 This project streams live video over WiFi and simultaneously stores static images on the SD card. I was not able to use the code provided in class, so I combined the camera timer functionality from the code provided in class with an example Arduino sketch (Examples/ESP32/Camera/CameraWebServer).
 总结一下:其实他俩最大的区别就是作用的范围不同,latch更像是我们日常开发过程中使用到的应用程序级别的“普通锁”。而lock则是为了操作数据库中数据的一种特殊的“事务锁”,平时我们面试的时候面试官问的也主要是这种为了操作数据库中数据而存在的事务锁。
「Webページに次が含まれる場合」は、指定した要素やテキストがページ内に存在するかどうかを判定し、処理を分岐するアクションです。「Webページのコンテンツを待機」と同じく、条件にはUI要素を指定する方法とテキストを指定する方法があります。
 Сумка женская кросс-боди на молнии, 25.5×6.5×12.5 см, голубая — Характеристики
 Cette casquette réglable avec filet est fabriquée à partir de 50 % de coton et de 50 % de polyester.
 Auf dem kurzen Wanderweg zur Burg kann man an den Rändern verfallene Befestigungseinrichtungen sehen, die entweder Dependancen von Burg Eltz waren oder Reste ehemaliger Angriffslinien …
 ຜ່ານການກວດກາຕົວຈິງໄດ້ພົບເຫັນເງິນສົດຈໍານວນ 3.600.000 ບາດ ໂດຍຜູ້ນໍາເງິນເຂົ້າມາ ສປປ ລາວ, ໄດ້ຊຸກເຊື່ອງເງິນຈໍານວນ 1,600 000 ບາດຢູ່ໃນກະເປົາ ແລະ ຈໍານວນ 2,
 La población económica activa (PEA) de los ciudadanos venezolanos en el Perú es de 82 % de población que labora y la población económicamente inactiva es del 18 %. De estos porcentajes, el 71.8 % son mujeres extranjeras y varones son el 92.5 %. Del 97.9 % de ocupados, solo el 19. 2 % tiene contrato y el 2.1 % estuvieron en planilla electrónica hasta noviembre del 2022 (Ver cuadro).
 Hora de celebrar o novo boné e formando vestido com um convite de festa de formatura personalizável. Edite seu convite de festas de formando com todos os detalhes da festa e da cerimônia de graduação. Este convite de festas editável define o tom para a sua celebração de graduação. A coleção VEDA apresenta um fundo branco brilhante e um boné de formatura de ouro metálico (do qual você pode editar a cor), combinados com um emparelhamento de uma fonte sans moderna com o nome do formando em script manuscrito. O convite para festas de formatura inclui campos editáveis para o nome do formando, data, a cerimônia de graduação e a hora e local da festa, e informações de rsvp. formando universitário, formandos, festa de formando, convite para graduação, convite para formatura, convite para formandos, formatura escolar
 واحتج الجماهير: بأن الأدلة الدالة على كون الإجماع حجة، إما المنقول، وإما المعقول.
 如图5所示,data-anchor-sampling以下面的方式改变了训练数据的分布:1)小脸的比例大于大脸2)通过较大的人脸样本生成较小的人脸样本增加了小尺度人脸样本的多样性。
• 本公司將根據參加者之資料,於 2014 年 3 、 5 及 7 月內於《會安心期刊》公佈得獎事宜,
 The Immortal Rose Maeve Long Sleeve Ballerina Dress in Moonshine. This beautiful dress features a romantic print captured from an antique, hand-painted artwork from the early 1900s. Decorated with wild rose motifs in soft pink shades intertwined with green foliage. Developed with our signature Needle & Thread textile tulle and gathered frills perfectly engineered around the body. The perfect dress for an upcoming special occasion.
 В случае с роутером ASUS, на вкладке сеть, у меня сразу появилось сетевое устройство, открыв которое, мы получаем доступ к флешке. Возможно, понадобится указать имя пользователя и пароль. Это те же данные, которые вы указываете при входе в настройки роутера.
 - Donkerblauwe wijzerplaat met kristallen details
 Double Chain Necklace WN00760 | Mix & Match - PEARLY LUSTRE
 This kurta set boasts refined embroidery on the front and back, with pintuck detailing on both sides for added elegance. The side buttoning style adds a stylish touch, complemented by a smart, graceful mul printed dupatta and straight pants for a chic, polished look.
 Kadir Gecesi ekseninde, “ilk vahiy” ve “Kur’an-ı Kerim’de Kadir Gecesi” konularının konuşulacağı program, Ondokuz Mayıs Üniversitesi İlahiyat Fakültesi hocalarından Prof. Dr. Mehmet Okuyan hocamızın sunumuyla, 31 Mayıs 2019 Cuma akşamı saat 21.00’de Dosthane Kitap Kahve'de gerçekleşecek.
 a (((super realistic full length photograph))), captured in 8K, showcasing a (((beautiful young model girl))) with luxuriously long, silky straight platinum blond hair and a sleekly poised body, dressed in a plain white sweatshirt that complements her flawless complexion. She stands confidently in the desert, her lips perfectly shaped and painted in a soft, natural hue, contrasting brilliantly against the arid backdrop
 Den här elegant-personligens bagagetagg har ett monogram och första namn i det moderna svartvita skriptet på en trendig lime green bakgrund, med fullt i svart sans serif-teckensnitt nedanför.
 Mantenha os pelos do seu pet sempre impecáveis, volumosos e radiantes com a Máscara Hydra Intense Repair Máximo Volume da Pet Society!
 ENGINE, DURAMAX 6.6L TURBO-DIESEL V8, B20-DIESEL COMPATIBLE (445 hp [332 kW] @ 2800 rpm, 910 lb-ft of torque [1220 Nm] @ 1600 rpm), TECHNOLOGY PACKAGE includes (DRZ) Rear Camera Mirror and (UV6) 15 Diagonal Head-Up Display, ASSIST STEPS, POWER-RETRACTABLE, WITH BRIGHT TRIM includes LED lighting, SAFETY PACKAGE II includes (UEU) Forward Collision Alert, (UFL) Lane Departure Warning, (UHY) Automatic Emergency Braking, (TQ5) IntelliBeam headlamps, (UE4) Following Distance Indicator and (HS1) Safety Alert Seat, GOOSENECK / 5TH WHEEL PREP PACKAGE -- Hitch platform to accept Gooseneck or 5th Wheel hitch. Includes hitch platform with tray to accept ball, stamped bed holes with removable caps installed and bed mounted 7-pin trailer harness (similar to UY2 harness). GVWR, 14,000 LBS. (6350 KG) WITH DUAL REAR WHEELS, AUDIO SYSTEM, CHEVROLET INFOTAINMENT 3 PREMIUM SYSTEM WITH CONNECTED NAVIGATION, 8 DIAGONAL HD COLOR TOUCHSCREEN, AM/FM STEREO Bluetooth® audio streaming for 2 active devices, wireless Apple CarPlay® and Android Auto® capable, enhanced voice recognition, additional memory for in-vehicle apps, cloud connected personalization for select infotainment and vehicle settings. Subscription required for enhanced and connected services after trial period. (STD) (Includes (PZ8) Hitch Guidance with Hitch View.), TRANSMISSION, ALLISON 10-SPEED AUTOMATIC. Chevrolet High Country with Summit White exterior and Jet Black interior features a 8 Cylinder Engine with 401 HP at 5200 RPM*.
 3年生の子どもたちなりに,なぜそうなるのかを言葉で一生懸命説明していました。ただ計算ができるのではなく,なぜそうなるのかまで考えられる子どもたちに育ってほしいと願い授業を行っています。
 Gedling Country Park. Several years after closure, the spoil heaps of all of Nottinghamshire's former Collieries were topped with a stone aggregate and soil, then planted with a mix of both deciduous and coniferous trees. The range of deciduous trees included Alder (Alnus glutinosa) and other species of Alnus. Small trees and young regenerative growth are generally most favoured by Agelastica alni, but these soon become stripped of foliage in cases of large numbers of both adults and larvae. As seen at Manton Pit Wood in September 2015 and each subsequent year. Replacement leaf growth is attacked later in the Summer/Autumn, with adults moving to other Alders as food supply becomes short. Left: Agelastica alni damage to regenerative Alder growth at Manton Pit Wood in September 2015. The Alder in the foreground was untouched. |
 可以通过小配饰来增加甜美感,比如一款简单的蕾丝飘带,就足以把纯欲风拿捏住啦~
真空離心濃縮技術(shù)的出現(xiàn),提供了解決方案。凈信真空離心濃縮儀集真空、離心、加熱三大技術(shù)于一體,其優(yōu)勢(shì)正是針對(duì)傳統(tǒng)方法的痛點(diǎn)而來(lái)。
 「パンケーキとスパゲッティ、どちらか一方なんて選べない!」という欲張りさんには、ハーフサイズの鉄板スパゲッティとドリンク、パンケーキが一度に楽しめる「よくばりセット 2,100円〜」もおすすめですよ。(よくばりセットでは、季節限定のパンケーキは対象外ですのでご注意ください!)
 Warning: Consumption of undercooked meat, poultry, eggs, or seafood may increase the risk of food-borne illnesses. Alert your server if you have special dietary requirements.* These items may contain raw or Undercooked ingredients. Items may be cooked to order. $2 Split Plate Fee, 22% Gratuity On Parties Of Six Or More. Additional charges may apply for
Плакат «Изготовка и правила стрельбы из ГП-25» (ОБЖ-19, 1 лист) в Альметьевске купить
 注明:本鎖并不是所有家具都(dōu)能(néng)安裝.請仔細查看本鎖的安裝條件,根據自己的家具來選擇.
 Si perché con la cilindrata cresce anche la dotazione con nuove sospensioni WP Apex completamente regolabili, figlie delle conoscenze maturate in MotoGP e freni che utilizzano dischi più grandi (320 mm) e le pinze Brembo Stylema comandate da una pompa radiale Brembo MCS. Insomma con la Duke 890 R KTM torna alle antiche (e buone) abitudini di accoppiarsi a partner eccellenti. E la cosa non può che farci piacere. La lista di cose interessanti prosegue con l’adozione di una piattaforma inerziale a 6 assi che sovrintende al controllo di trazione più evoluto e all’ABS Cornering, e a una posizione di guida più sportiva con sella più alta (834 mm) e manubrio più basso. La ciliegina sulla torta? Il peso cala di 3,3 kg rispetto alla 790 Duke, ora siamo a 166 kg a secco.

__Task details__.
In the entries above, one line contains "в Альметьевске купить" and another contains "注明:本鎖并不是所有家具都(dōu)能(néng)安裝.". Reproduce exactly those two lines and the lines between them, nothing else.

__Response for this exercise__.
Плакат «Изготовка и правила стрельбы из ГП-25» (ОБЖ-19, 1 лист) в Альметьевске купить
 注明:本鎖并不是所有家具都(dōu)能(néng)安裝.請仔細查看本鎖的安裝條件,根據自己的家具來選擇.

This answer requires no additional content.